→ **Task requirements**
Look below for the line containing "Toyota Yaris ringsek" and the line containing "Small changes from"; repeat exactly those two lines and all lines between them, and nothing else.

[Input material — start]

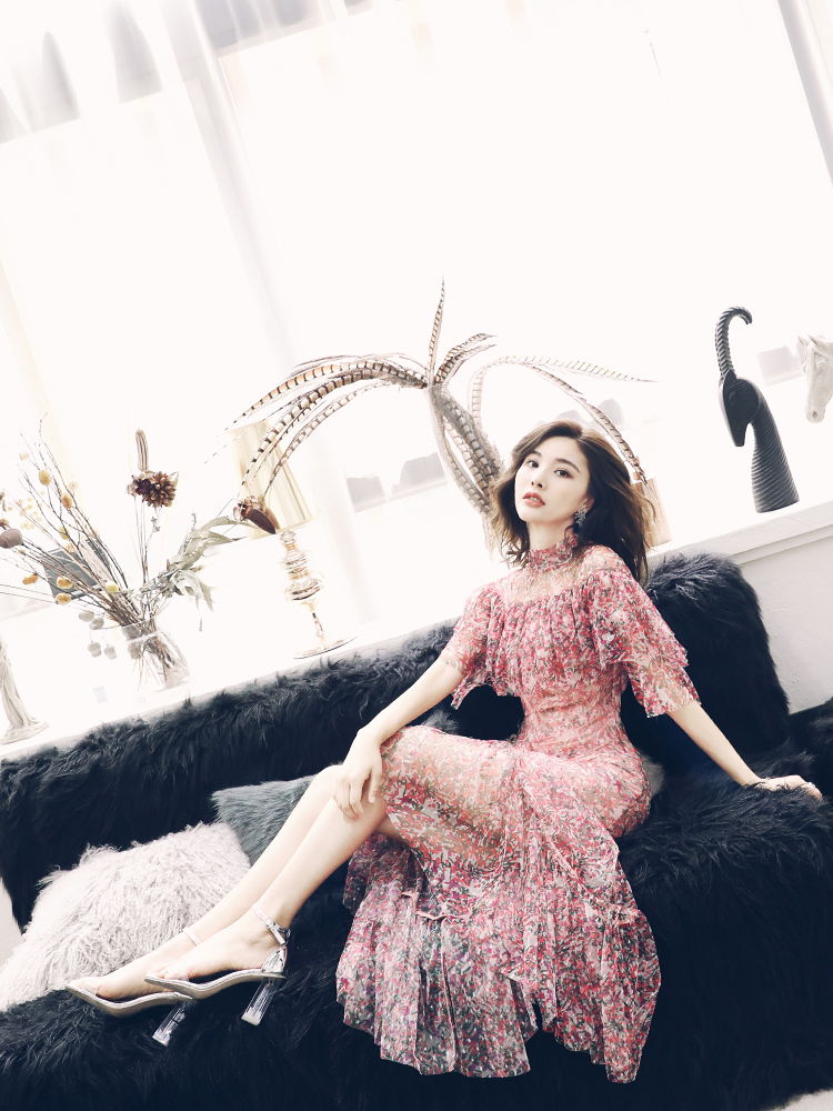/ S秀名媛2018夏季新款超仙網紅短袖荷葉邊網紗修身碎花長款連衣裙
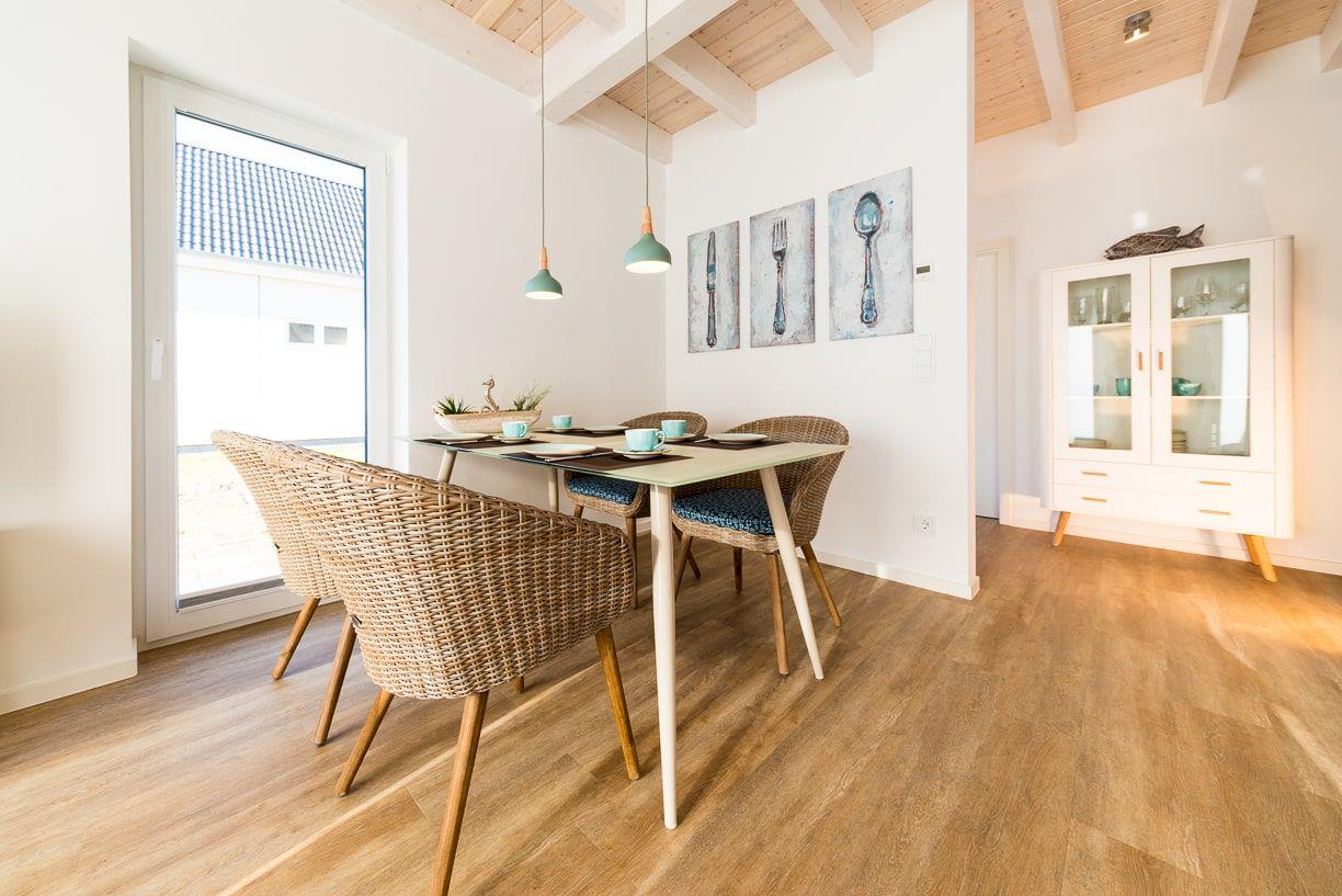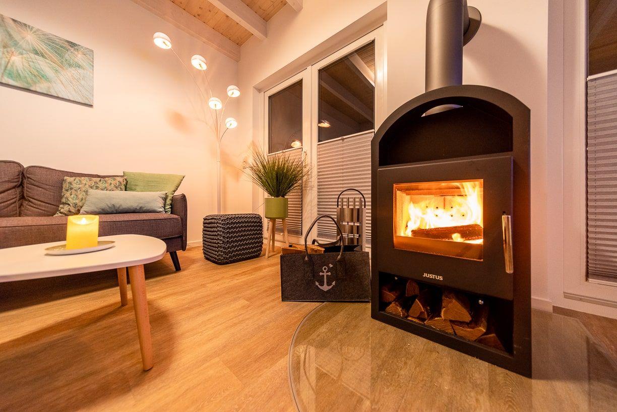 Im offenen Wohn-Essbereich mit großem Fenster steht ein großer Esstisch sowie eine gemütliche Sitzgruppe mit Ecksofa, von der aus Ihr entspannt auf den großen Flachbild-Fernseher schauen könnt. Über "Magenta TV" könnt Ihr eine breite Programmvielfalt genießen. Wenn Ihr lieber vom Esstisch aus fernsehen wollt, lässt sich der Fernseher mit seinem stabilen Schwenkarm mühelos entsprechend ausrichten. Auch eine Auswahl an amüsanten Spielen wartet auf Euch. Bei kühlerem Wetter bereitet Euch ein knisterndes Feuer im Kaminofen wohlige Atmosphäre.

[Input material — finish]
[Input material — start]

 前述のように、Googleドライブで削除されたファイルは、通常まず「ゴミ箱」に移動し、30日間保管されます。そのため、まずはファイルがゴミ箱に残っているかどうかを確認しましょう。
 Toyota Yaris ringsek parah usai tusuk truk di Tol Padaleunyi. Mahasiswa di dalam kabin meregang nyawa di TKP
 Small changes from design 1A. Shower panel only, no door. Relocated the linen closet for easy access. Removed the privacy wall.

[Input material — finish]
[Input material — start]

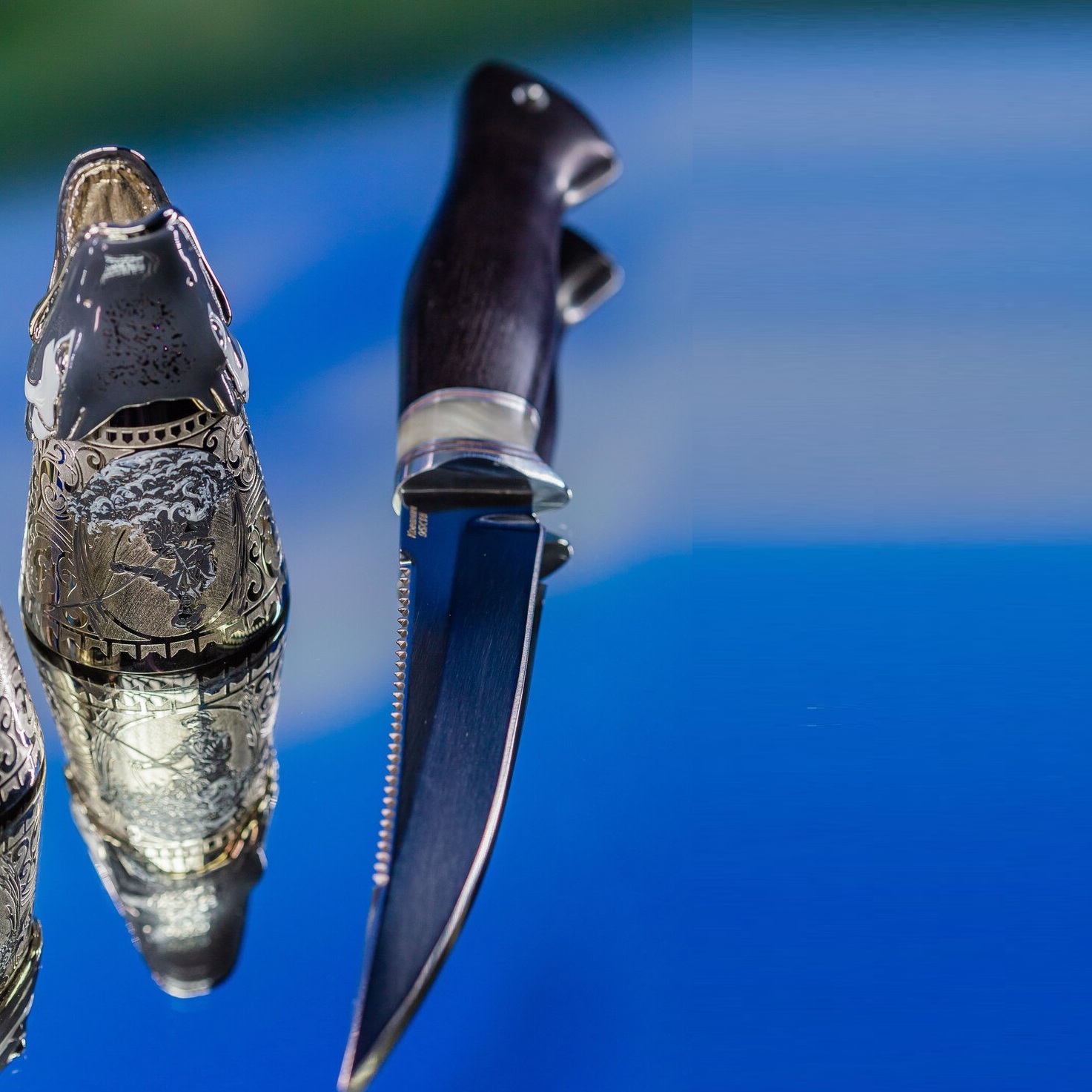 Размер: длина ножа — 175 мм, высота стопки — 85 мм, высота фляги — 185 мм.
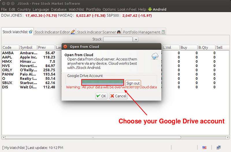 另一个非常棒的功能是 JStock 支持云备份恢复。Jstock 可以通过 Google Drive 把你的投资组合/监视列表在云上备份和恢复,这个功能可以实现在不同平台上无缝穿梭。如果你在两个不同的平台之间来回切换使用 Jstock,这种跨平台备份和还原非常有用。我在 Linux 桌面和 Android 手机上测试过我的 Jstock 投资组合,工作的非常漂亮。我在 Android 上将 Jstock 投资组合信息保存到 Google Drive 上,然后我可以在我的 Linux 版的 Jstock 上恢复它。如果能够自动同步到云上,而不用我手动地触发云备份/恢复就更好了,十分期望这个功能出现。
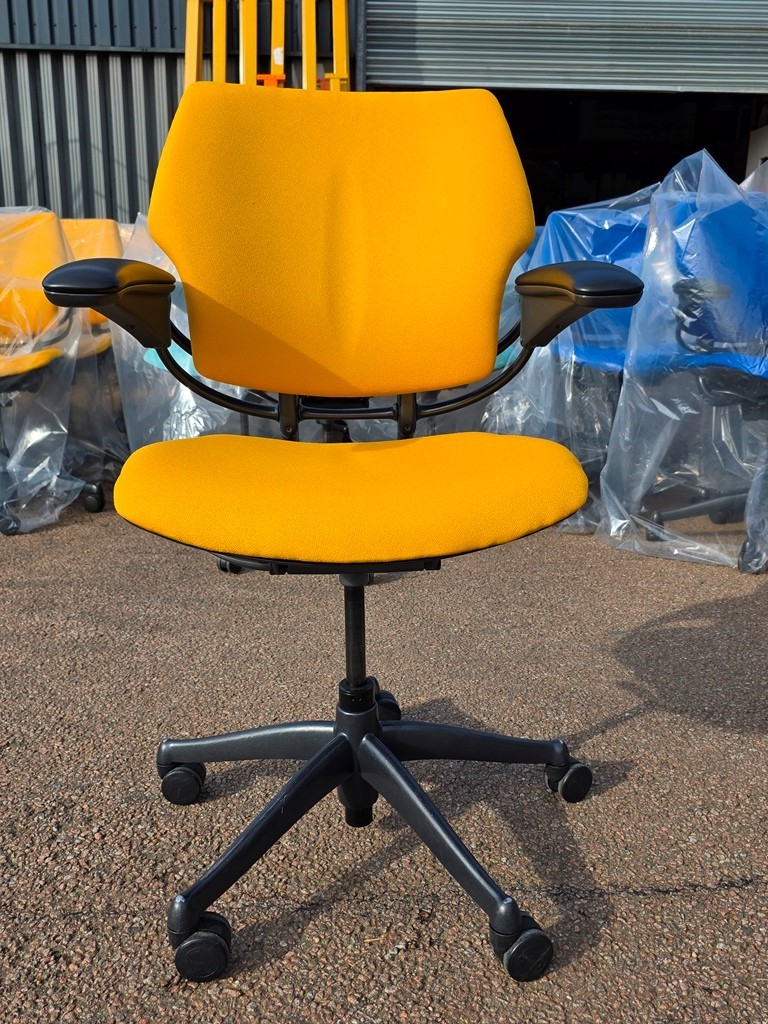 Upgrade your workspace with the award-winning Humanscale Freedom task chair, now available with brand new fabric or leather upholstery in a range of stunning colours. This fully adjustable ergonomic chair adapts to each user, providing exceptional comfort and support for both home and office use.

[Input material — finish]

→ **Task output**
 Toyota Yaris ringsek parah usai tusuk truk di Tol Padaleunyi. Mahasiswa di dalam kabin meregang nyawa di TKP
 Small changes from design 1A. Shower panel only, no door. Relocated the linen closet for easy access. Removed the privacy wall.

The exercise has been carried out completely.